Nothing but the lines from the one containing "各地真题海淘精编卷(七)一年" through the last line of the records below should be copied, exactly and without pictures.

▸ **Provided data**:
______

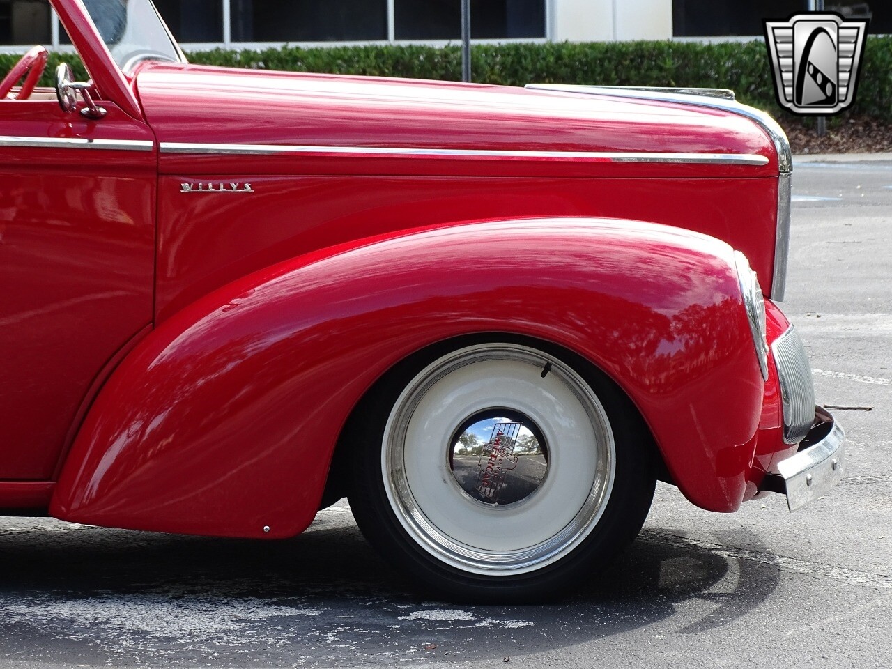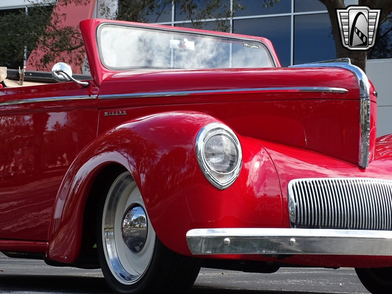 Gateway Classic Cars of Orlando is proud to present this 1941 Willys Roadster. Of all the prewar classics none have the exclusivity of a nice Willys. This 41 Roadster is painted in an eye catching red. As you walk around the vehicle you'll notice nice details like the fender mounted headlamps and large dish wheels with Willys hub caps. Take a seat inside and you're greeted by tan leather bucket seats and a dash and steering wheel painted to match the exterior. When the weather gets chilly fold up the tan cloth top. Under the hood is a 350 cubic inch V8 and is paired to a 3 speed automatic. Imagine how this Willys can get up and go! According to the owner this Willys was built from all new parts in 2010. If you're looking for a hard to find classic American automobile this is the one you want to own! Options include AM/FM radio, manual soft top, hub caps, power brakes, power windows, tilt wheel, seat belts, leather interior and radial tires..
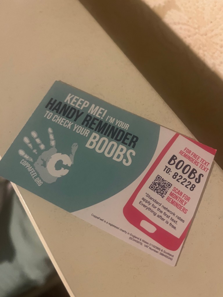 It was not the only item I acquired that day on breast cancer awareness. They also provided me with a helpful reminder to regularly examine my breasts (pictured below).
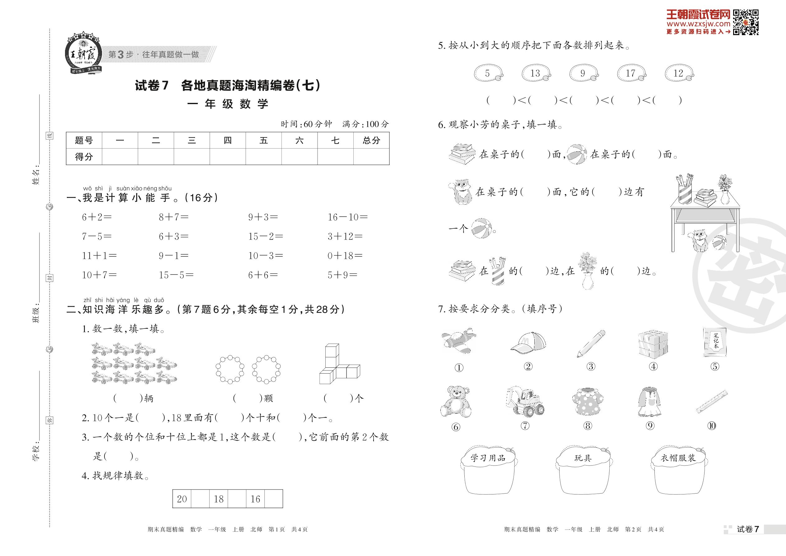 各地真题海淘精编卷(七)一年级上册数学(北师版)_R221128181104592【7】
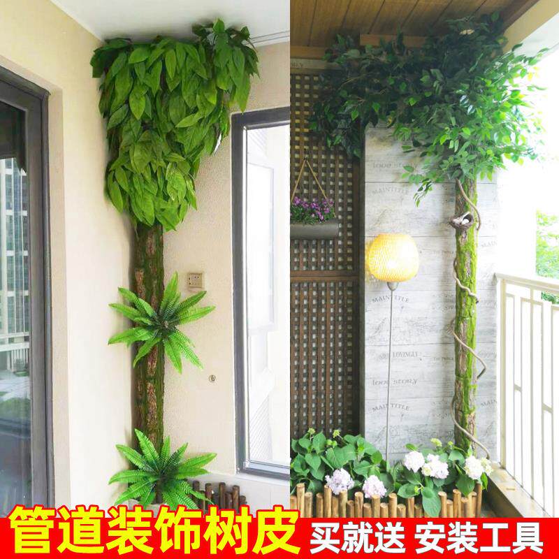 管道装饰树皮包下水管子绿植树叶遮挡柱子美化室内造景假花藤条
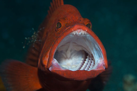 La bocca grande dei mangiatori di pesci permette la cattura di prede di grosse dimensioni. La cernia rossa Cephalopholis sonnerati.
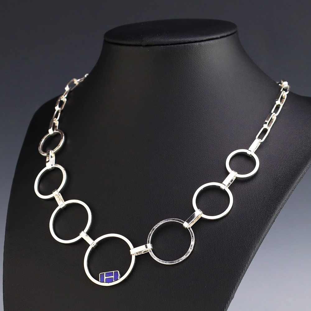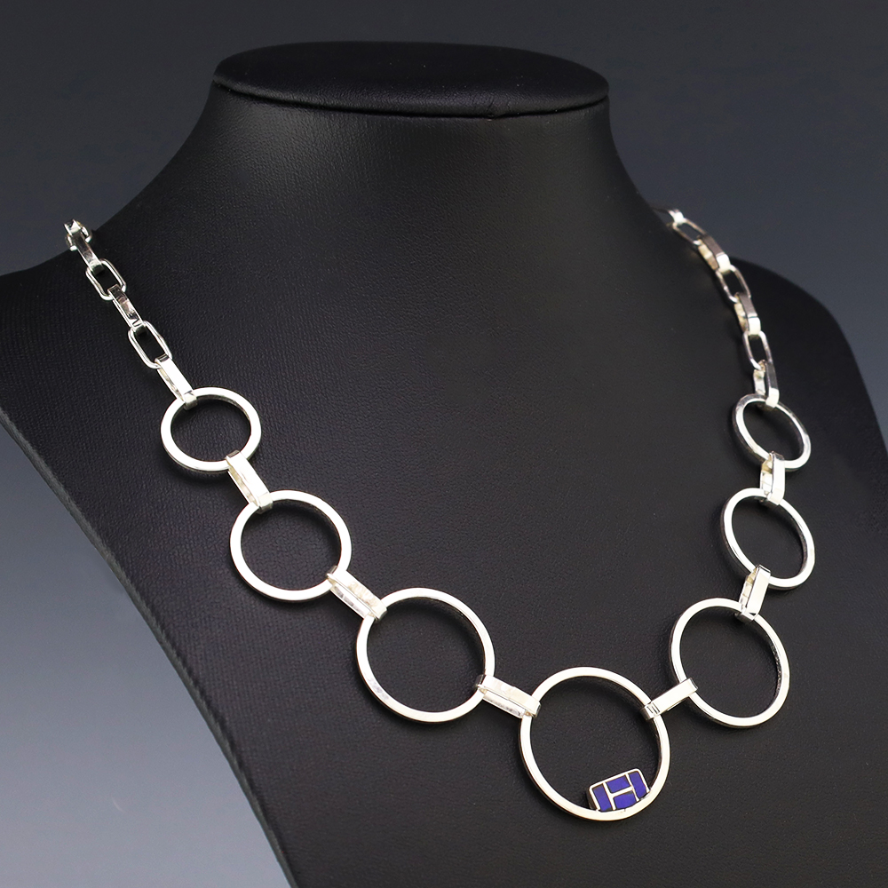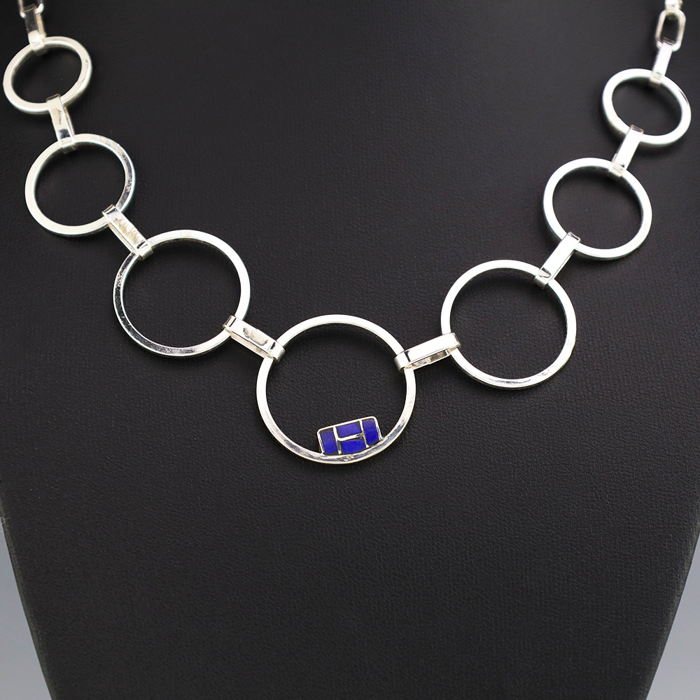 Zuni artists Nancy and Sheldon Westika made this gorgeous necklace. Sterling silver with Lapis inlay. The Westikas are know for their great channel inlay work. An exquisite statement piece that you will enjoy for many years. Weighs 20 grams. Signed
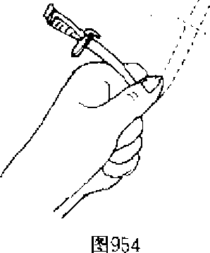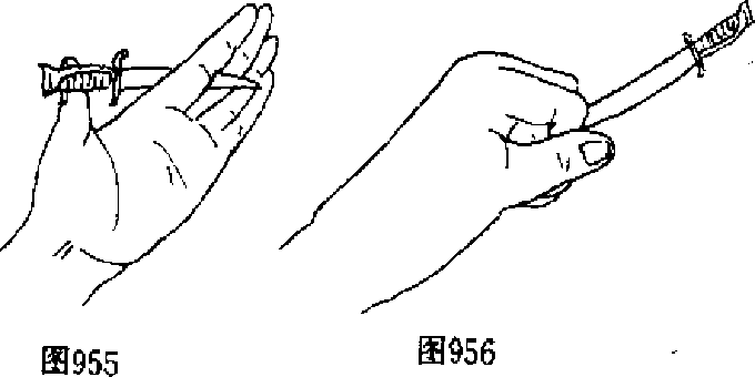 1. 以食指和拇指微屈相互轻轻对捏住刀尖或刀柄,刀刃 朝前「其余三指向掌心屈卷或自然伸展(图954).往前抛掷 时'迅速屈腕、松捏撤开飞刀,使之向前在空中翻转,以刀尖定 着于目标“
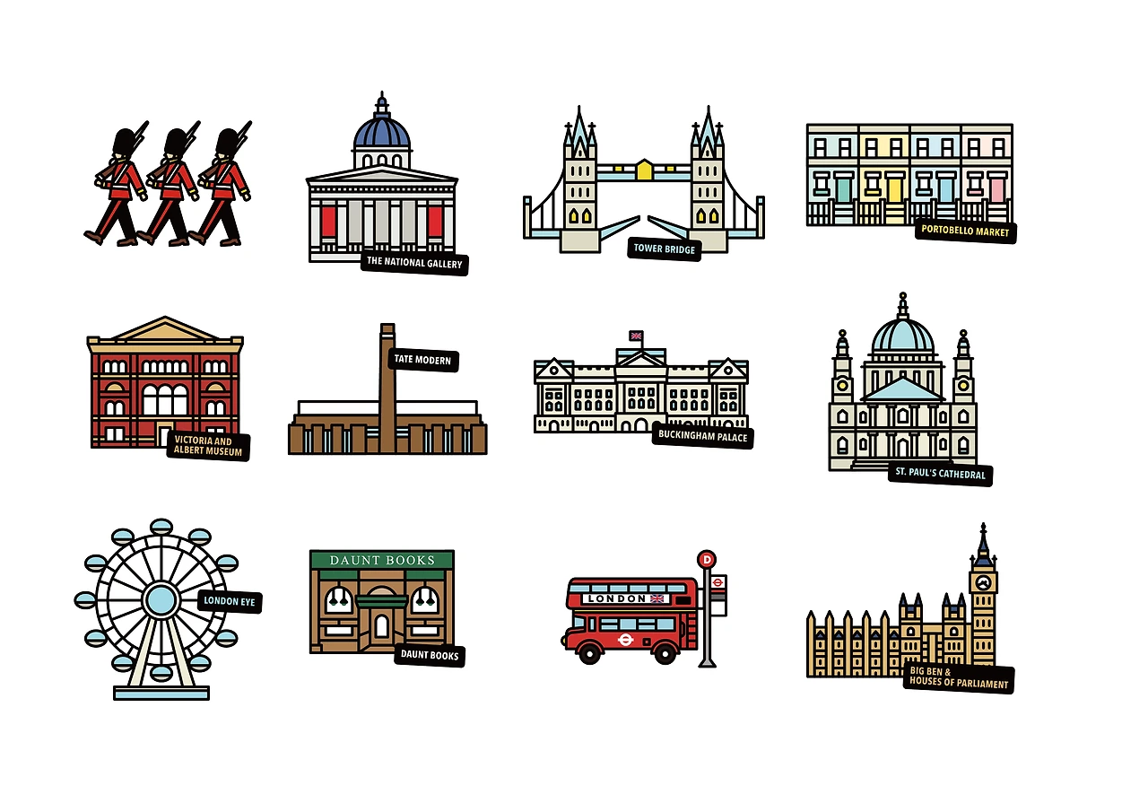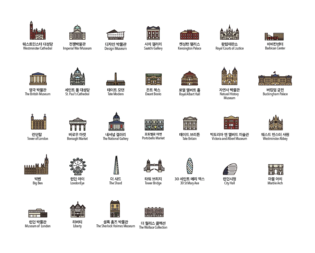 지도에 들어갔던 32개의 런던 명소 아이콘, 그리고 스티커 작업으로 추려낸 아이콘들

______

▸ **Exercise result**:
 各地真题海淘精编卷(七)一年级上册数学(北师版)_R221128181104592【7】
 管道装饰树皮包下水管子绿植树叶遮挡柱子美化室内造景假花藤条
 La bocca grande dei mangiatori di pesci permette la cattura di prede di grosse dimensioni. La cernia rossa Cephalopholis sonnerati.
 Zuni artists Nancy and Sheldon Westika made this gorgeous necklace. Sterling silver with Lapis inlay. The Westikas are know for their great channel inlay work. An exquisite statement piece that you will enjoy for many years. Weighs 20 grams. Signed
 1. 以食指和拇指微屈相互轻轻对捏住刀尖或刀柄,刀刃 朝前「其余三指向掌心屈卷或自然伸展(图954).往前抛掷 时'迅速屈腕、松捏撤开飞刀,使之向前在空中翻转,以刀尖定 着于目标“
 지도에 들어갔던 32개의 런던 명소 아이콘, 그리고 스티커 작업으로 추려낸 아이콘들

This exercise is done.